Our study is limited due to the included studies where the WHO Africa and South-East Asia regions are not represented. Our OCI prevalence could therefore be over- or underestimated. Substantial residual statistical heterogeneity in prevalence measures was identified in all aggregate and subgroup meta-analyses. Despite these limitations, the main strength of our study is that we identified a very large number of studies, which covered multiple categories of symptomatic, apparently healthy populations and those at high risk of HCV infection. We also accounted for the variability of the prevalence according to the anti-HCV serostatus.

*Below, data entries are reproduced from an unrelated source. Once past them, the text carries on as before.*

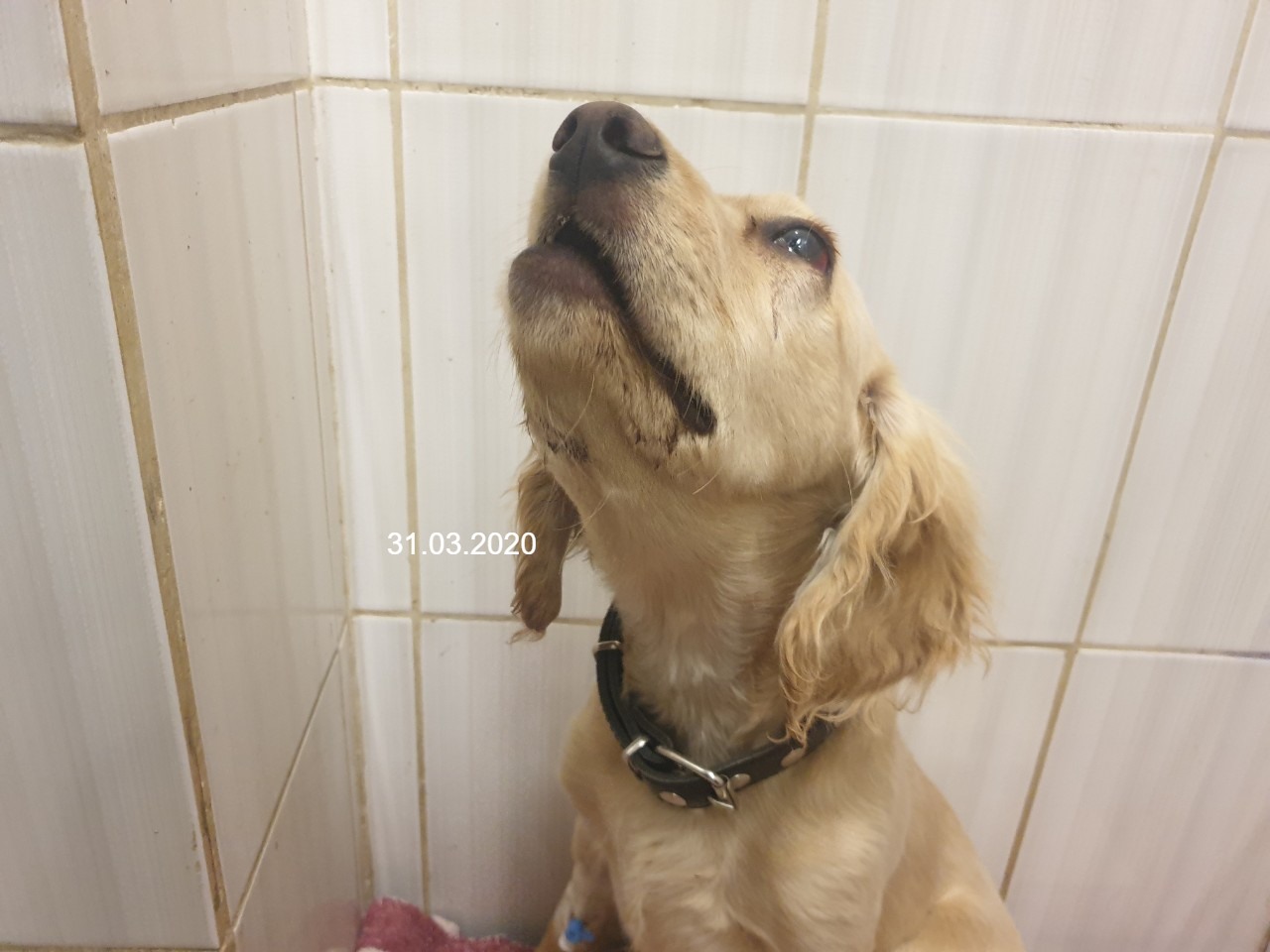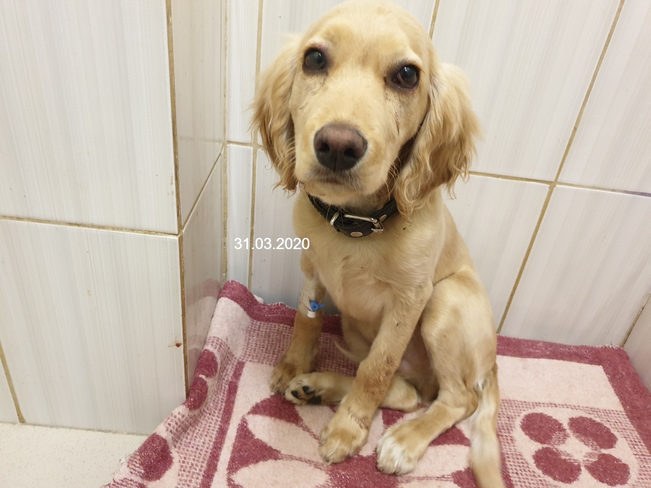 В даний час щеня знаходиться у ветеринарній клініці Комплекcу "ZooCity Kharkiv", де йому надають допомогу лікарі. Собаці приблизно 5 місяців. Маленький спанієль надійшов на лікування із закривавленою пащею і засохлими плямами крові на лапках і грудях. «Господар» вибив собаці щелепу і зуби, судячи за зовнішніми ознаками у цуценяти черепно-мозкова травма і крововилив в очі. На даний момент про прогнози говорити ще рано.
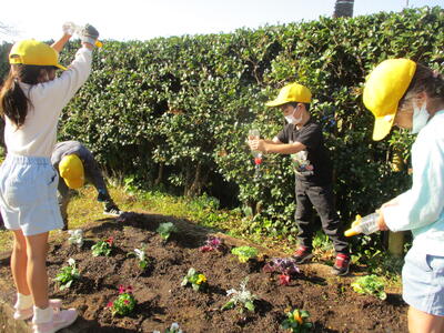暖かい日差しの中、1年生は自分たちの学級園の草を抜き、パンジーの花をみんなで植えました。
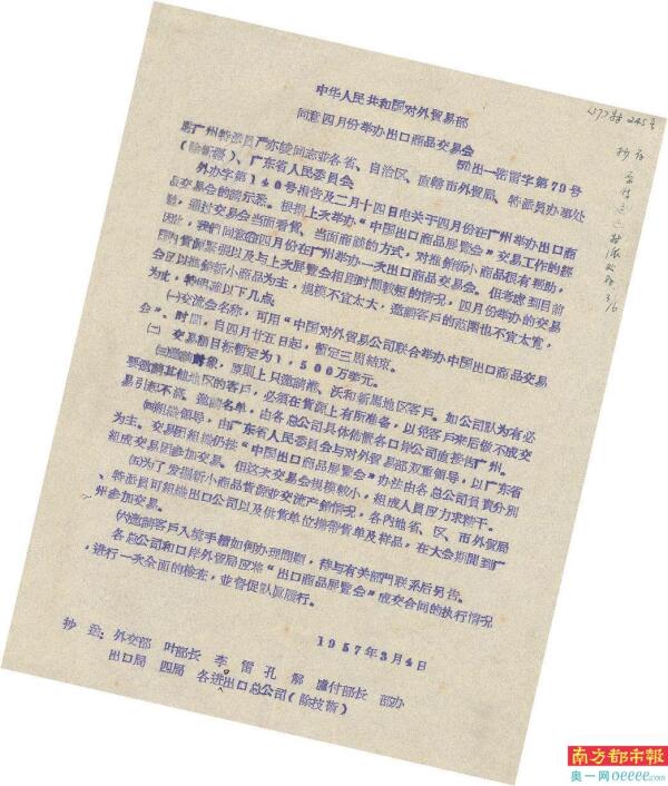 1957年3月4日,《中华人民共和国对外贸易部同意四月份举办出口商品交易会》下发。4月25日,酝酿已久的第一届中国出口商品交易会在广州拉开帷幕。党中央、国务院高度重视、十分关心,周总理亲临开幕现场视察。

Our results suggest that the implementation of screening programs for OCI in high-risk populations, especially patients with hematologic complications, hemodialysis patients, and patients with chronic liver disease should be initiated. More studies are needed to assess the transmissibility, clinical significance, long-term outcome, and need for OCI treatment.

CONCLUSION

In conclusion, it appears that the burden of seronegative and seropositive OCI is high and very variable according to regions and categories of populations.

ARTICLE HIGHLIGHTS

Research background

In 2004, Castillo et al first described an unknown form of hepatitis C in humans that was different from the common chronic hepatitis C and was called occult hepatitis C Infection (OCI).

Research motivation

To eradicate hepatitis C virus (HCV) by 2030, as recommended by the WHO, it is crucial to determine the burden of OCI across the different regions of the world and in different population categories.

Research objectives

Highlight the global prevalence of seronegative and seropositive OCI according to population categories and regions of the world.

Research methods

The authors searched PubMed, EMBASE, Global Index Medicus, and Web of Science databases from inception to May 6, 2021. Data were extracted independently by each author and the Hoy et al tool was used to assess the quality of included studies. Prevalence and 95% confidence intervals were determined using random-effect meta-analysis.

Research results

The authors included 85 articles out of the 3950 identified by the electronic search. The combined prevalence of seronegative OCI was 9.61% (95%CI: 6.84-12.73) and the prevalence of seropositive OCI was 13.39% (95%CI: 7.85-19.99). For variations by region, seropositive OCI prevalence was higher in Southern Europe, Northern America, and Northern Africa, and seronegative OCI prevalence was higher in Southern Europe and Northern Africa. For variations by population categories, seronegative OCI prevalence was higher in patients with abnormal liver function, hematological disorders, and kidney diseases.

Research conclusions

The burden of OCI is high and greatly variable according to world regions and population categories.

Research perspectives

Consideration should be given to the implementation of screening programs for OCI in high-risk populations such as patients with hematologic disorders, kidney disease, and those with abnormal liver function.